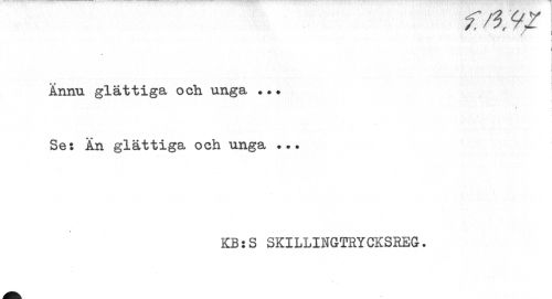 //// i. ft, 9/ //// r i i //// * //// Ännu glättiga och unga .. ? //// i //// Se: Än glättiga och unga //// kbss skillingtrycksreg. ////
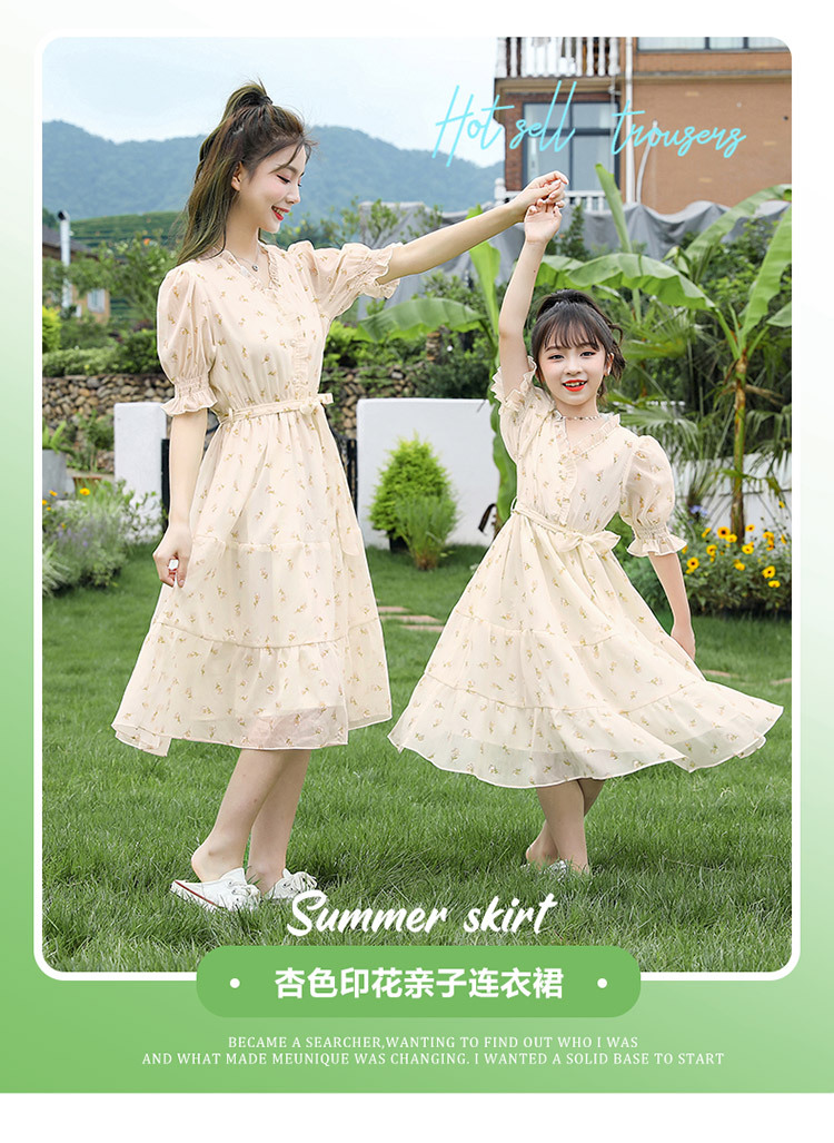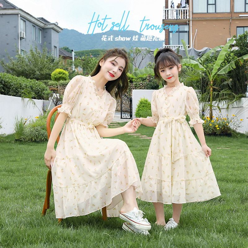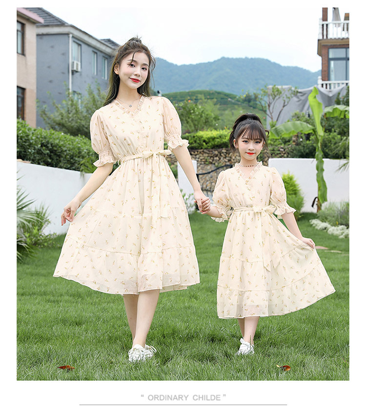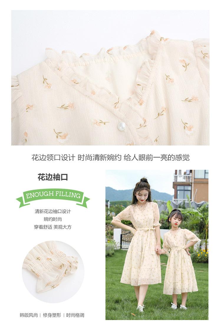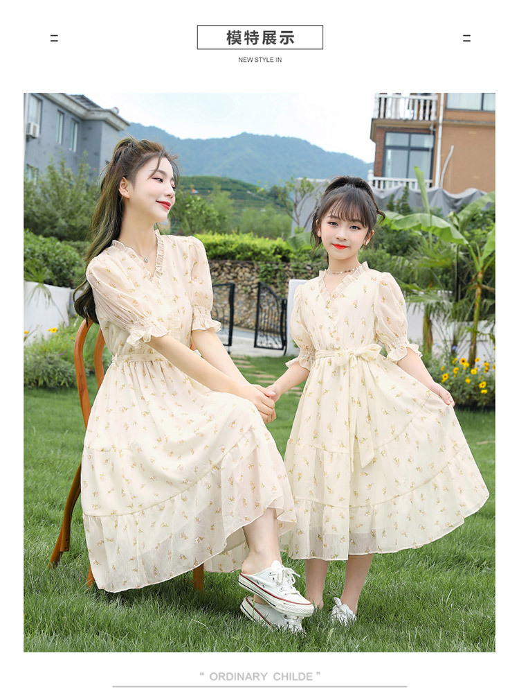 어린이 보헤미안 긴 살구색 꽃 원피스 어머니-딸 부모-자식 세트 어머니 딸 레이스 칼라 쉬폰 얇은 스커트스토어 가기
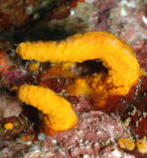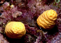 Sulfur Coral, Yellow Encrusting Leather Coral. Below: a colony and

========================

Activity: The pictures should be dropped, and every line above should be set down again exactly.

Exercise result:
 //// i. ft, 9/ //// r i i //// * //// Ännu glättiga och unga .. ? //// i //// Se: Än glättiga och unga //// kbss skillingtrycksreg. ////
 어린이 보헤미안 긴 살구색 꽃 원피스 어머니-딸 부모-자식 세트 어머니 딸 레이스 칼라 쉬폰 얇은 스커트스토어 가기
 Sulfur Coral, Yellow Encrusting Leather Coral. Below: a colony and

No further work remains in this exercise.